У меня есть двумерный массив, который я пытаюсь нарезать до определенного диапазона в столбцах и строках. До сих пор я использовал numpy.where()
для индексации моего массива, где один индекс - это массив, а другой - скаляр; т.е. я индексирую часть одной строки или столбца. Теперь я хотел бы получить все записи в определенном диапазоне столбцов и определенном диапазоне строк, но numpy, кажется, не нравится, когда я делаю это.
Я пробовал это:
findex = np.where((freqs>63)&(freqs<92))
findex = np.array(findex[0])
tindex = np.where((t>0.5)&(t<1.5))
tindex = np.array(tindex[0])
print(Xsum[findex,tindex])
где Xsum (спектрограмма) - мой массив, а freqs, t - массивы (shape (x, 1)), формы которых соответствуют числу столбцов и строк в Xsum.

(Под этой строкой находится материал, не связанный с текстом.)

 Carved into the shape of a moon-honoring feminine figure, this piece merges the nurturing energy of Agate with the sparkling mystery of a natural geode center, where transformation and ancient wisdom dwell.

Мне нужно иметь возможность находить записи в Xsum по значениям в freqs и t, поэтому я использую numpy.where()
.
Это сообщение об ошибке, которое я получаю:
IndexError: shape mismatch: indexing arrays could not be broadcast together with shapes (28,) (15,)

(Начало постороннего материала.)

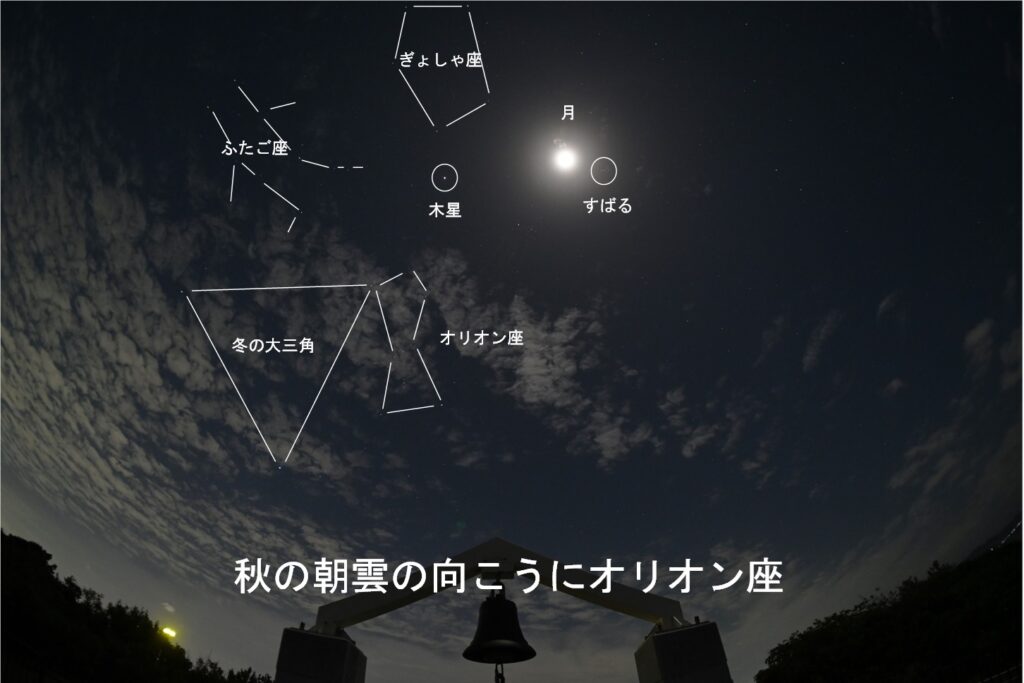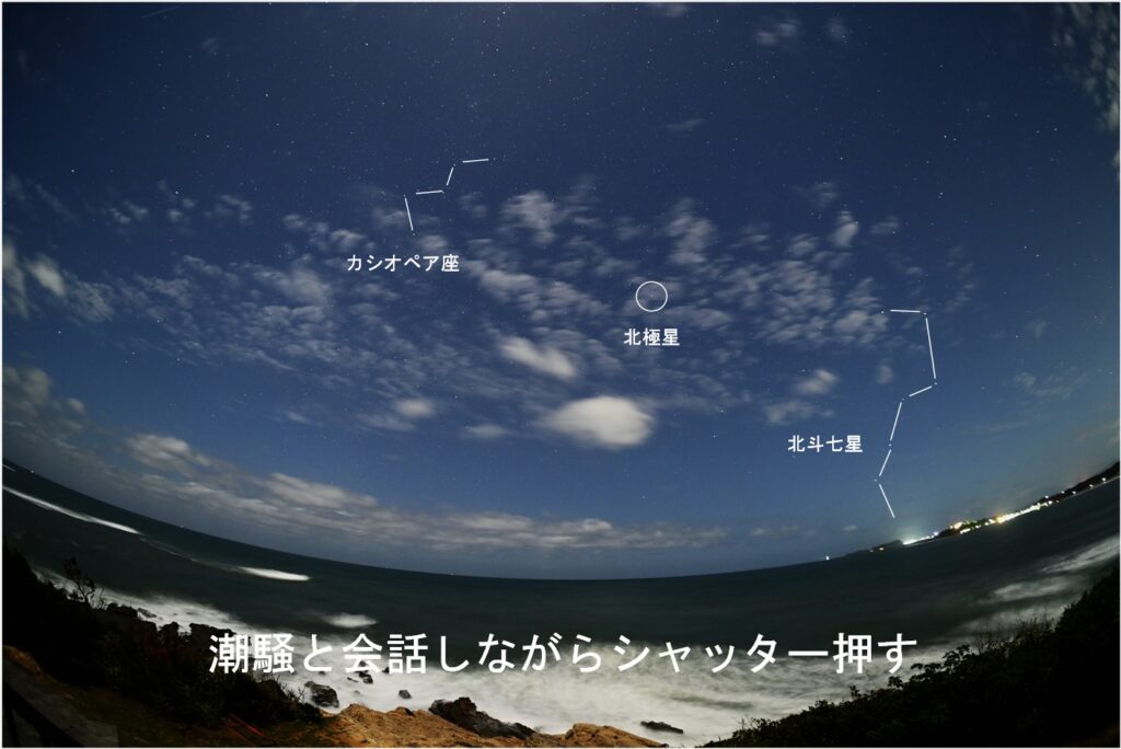 撮影ポイントは「夏井ヶ浜はまゆう公園」(芦屋町)だ。我が家から車で早朝走って20分くらい。4時半くらいに到着したかな。車降りるとすごい「轟音」がしてて何だろうと思ったよ。公園は小さな岬の突端にあるけど、そこに着くと白い波しぶきが立っていて、波が打ち砕ける音が「轟音」に聞こえるほど大きかったよ。しぶきが月明かりに白く照らされて少し怖い感じさえした。風はあまり強くなかった。まあ、そんなところで1時間ばかり星空を撮影したよ。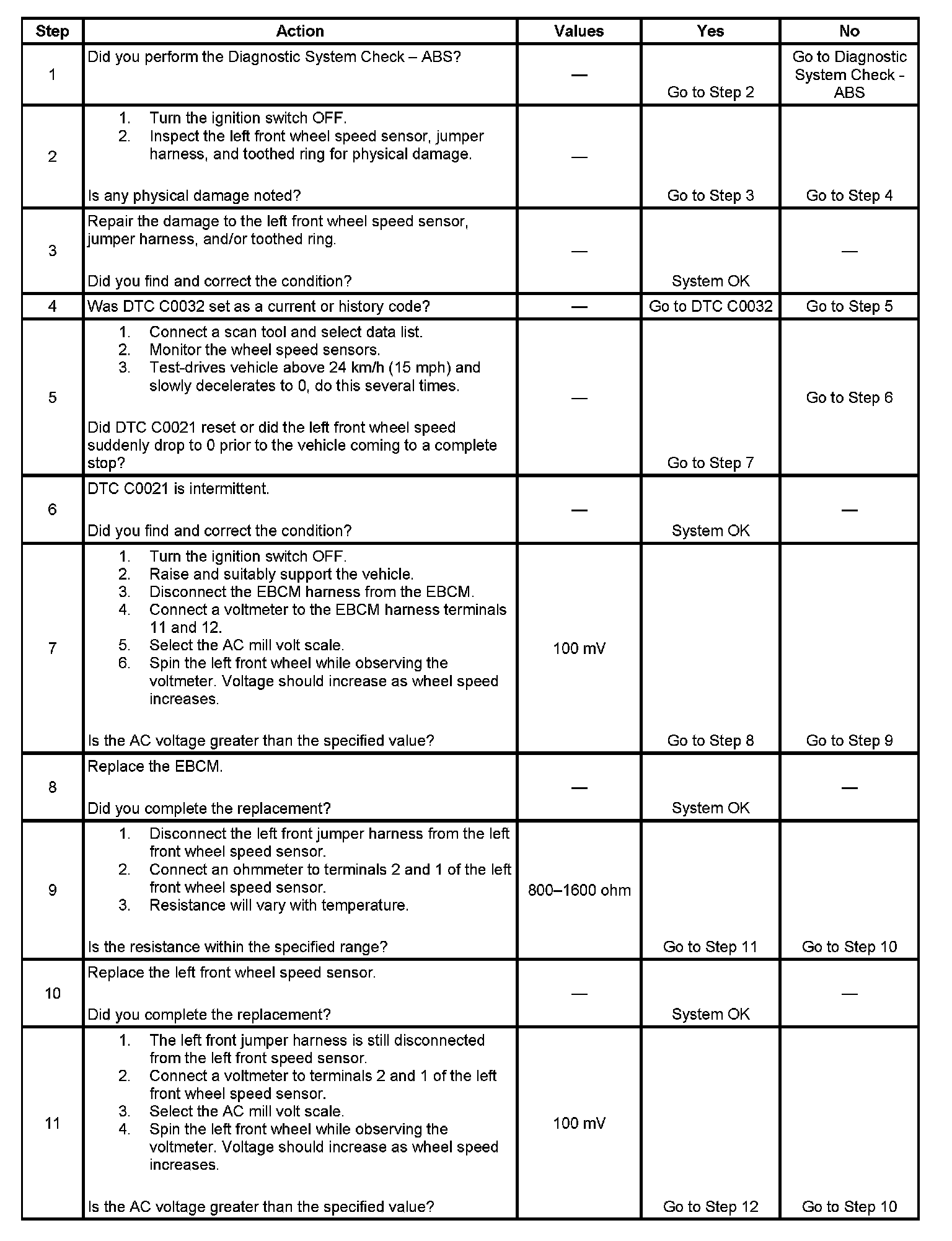 ^ If the conditions that set the DTC C0021 are no longer present, the DTC may be cleared by using the proper scan tool.

Я искал другие способы сделать это, но не играли в кости. Есть ли способ для меня индексировать мой массив, чтобы я получил его блок, а не столбец или строку?

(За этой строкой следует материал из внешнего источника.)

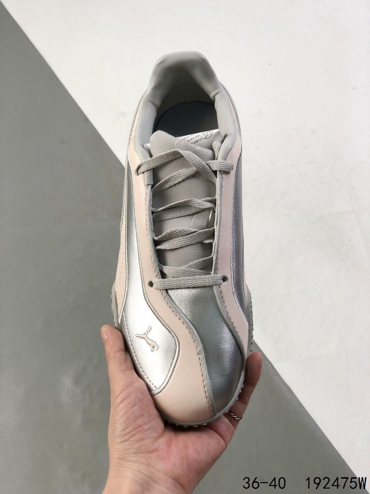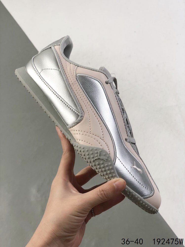 صُمم الحذاء من الجلد الناعم، حيث يجمع بين اللونين البيج الفاتح والفضي اللامع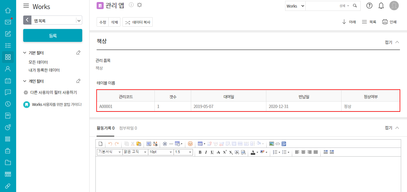 테이블 영역의 내용을 비워놓고 먼저 데이터를 일괄 등록 후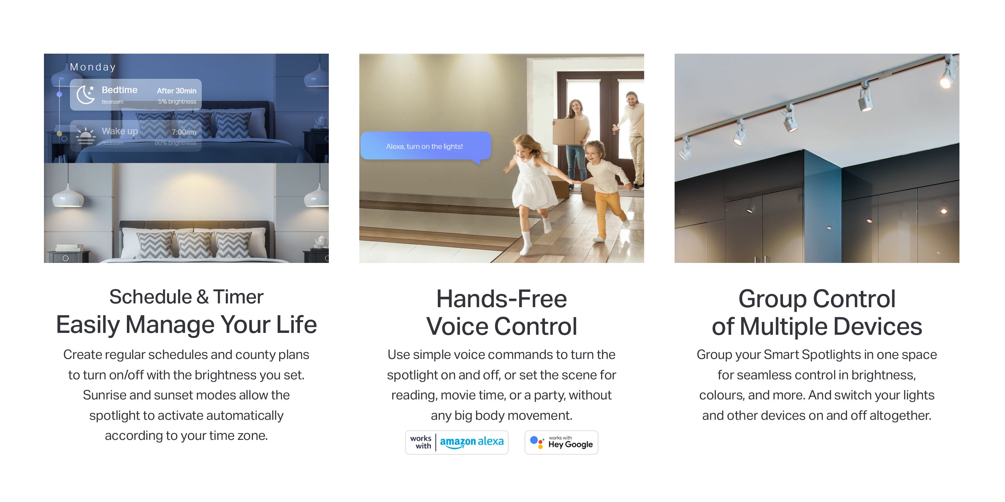 - Voice Control - Manage your smart spotlights with voice commands via Amazon Alexa or Google Assistant.

Изменить: Например, скажем, мой массив:
np.array([1,2,3,4],
[5,6,7,8],
[9,10,11,12])
Я хочу каким-то образом проиндексировать его, чтобы получить этот массив:
([6,7,8],
[10,11,12])
то есть записи во 2-й и 3-й строках и 2-м и 4-м столбцах, имея в виду, что я не знаю точные индексы, которые я ищу, только значения в других массивах, поэтому я должен был использовать numpy.where()
.
Всего 1 ответ
Базовая индексация слайсами - это самый простой способ:
In [382]: arr = np.arange(1,13).reshape(3,4)
In [383]: arr[1:, 1:]
Out[383]:
array([[ 6, 7, 8],
[10, 11, 12]])
Со списками или массивами они должны broadcast
друг против друга:
In [385]: arr[[[1],[2]], [1,2,3] ]
Out[385]:
array([[ 6, 7, 8],
[10, 11, 12]])
Или эквивалентно с массивами:
In [386]: np.ix_([1,2],[1,2,3])
Out[386]:
(array([[1],
[2]]), array([[1, 2, 3]]))
In [387]: arr[_]
Out[387]:
array([[ 6, 7, 8],
[10, 11, 12]])
То есть массив (2,1) объединяется с (3,) (или (1,3)) для выбора блока (2,3).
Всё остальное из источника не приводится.